Legislative Spadework: The Finance Secretary had in December, 1947 submitted an outline of the law to the Finance Minister, Ghulam Mohammed to serve as a basis for discussion. It was proposed that the entire share capital of the Bank be subscribed by the Government. Its amount was expected to be large enough to command popular prestige.
While no specific qualifications were prescribed for the offices of the Governor and Deputy Governor except that the first incumbents of the posts were to be of British origin and that they were eligible to hold office till the age of 75. No age restrictions and qualification requirements were laid down for the Directors. The only sterling securities held by the Reserve Bank were to provide cover for the note issue. Turner who had already expressed grave doubts about the soundness of the proposal in his communication to the Bank of England reiterated his skepticism:
It would be a fatal attempt, (he observed) to start a 'Reserve Bank' without adequate staff. ... He had also stated that he did not have much time to consult others in drafting the framework of the central banking law for Pakistan, although it was a question on which opinion of many people ought to have been sought.
Mumtaz Hasan of Ministry of Finance who earlier had his training in Reserve Bank of India and Bank of England was associated with the redrafting assignment at the instance of the Minister of Finance. A copy of the Turner's draft was sent by him to the Deputy Economic Advisor, Dr Anwar Iqbal Qureshi.
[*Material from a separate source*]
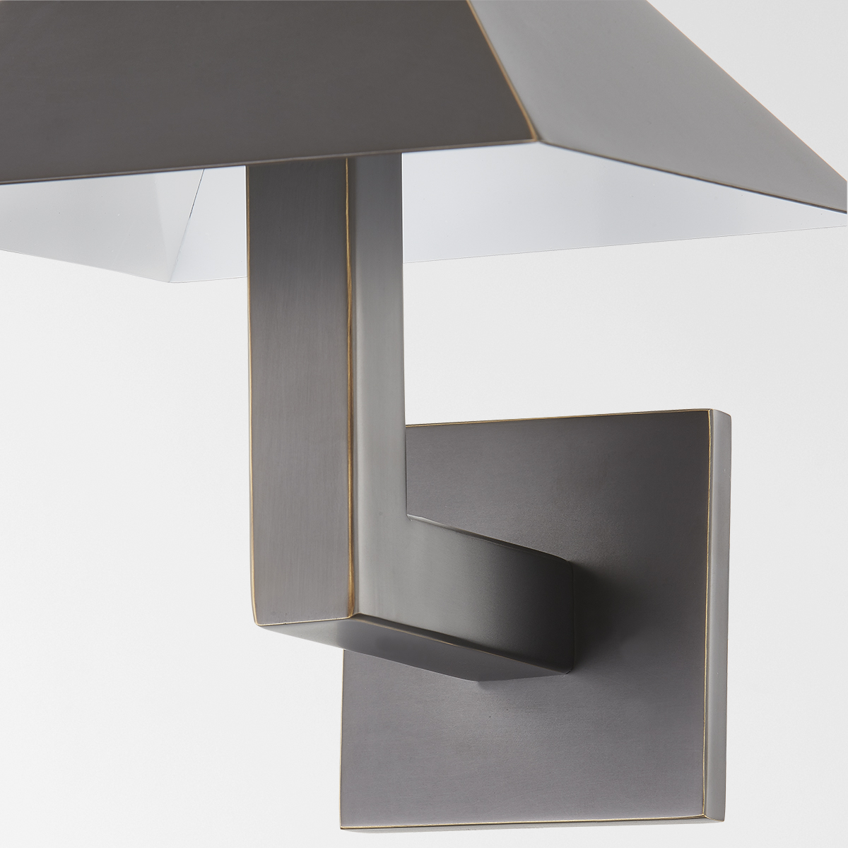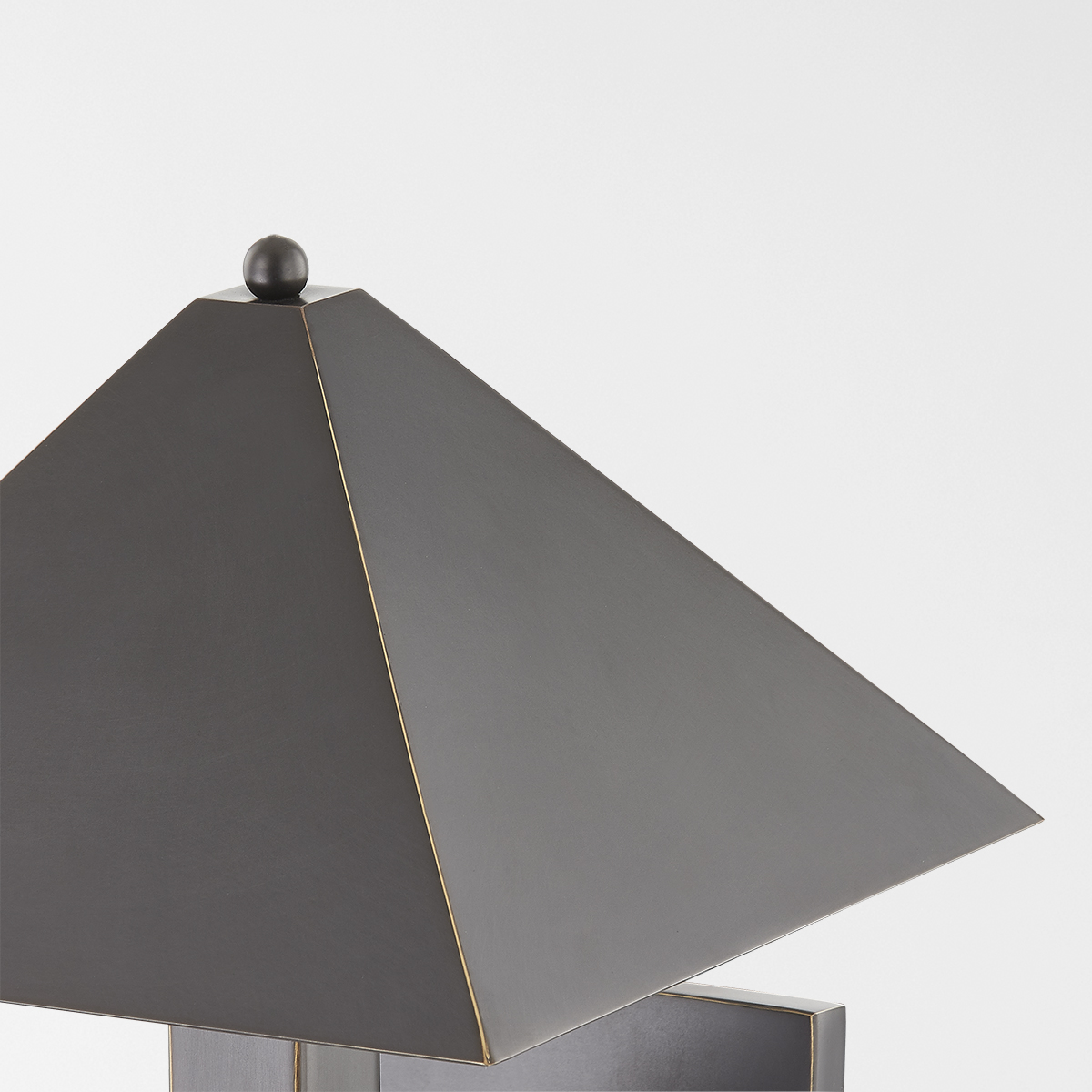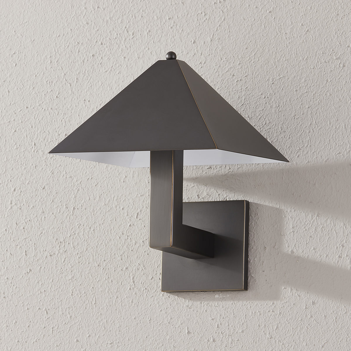 A pyramid-shaped metal shade rests atop a thick square arm that extends into a square backplate, giving Knight a modern industrial aesthetic. A small, circular finial brings a touch of softness to this stately sconce. Available in Patina Brass and Bronze.

In his comments the Deputy Economic Advisor disapproved the ideas in the draft and stressed the need for eliciting expert opinion, which the author of the original draft had himself admitted was necessary. The draft in its final form could be presented to the Constituent Assembly only after it had been thoroughly examined and scrutinised by the Ministry of Finance and Law Division. Mumtaz Hasan was in agreement with Dr Qureshi.
The Finance Minister subsequently decided to appoint a committee of non-officials to recommend the lines on which the future Reserve Bank of Pakistan was to be constituted, empowering it to elect its own chairman. The Committee was composed of eleven members, four from East Bengal, three from West Punjab, three from Sind including two from Karachi and one from N.W.F.P.
The names of the members appointed on the Committee were: Ahmad Ispahani, Sir Adamjee Haji Dawood, Abdul Matin Chaudhry, Dr A.M. Malik, Dewan Bahadur S.P. Singha, Professor Mohammad Hasan, Khan Sahib Muhammad Bashir, Mohammad Ali Habib, Hoshang Dinshaw, Professor H.R. Batheya and Shaikh Allah Bux.
The first meeting of the Committee held on January 26, 1948 elected Dewan Bahadur S.P. Singha as its Chairman and held sessions on January 26 and 27, 1948 to finalise its recommendations. The agenda of the meeting was not circulated among the members along with the invitation.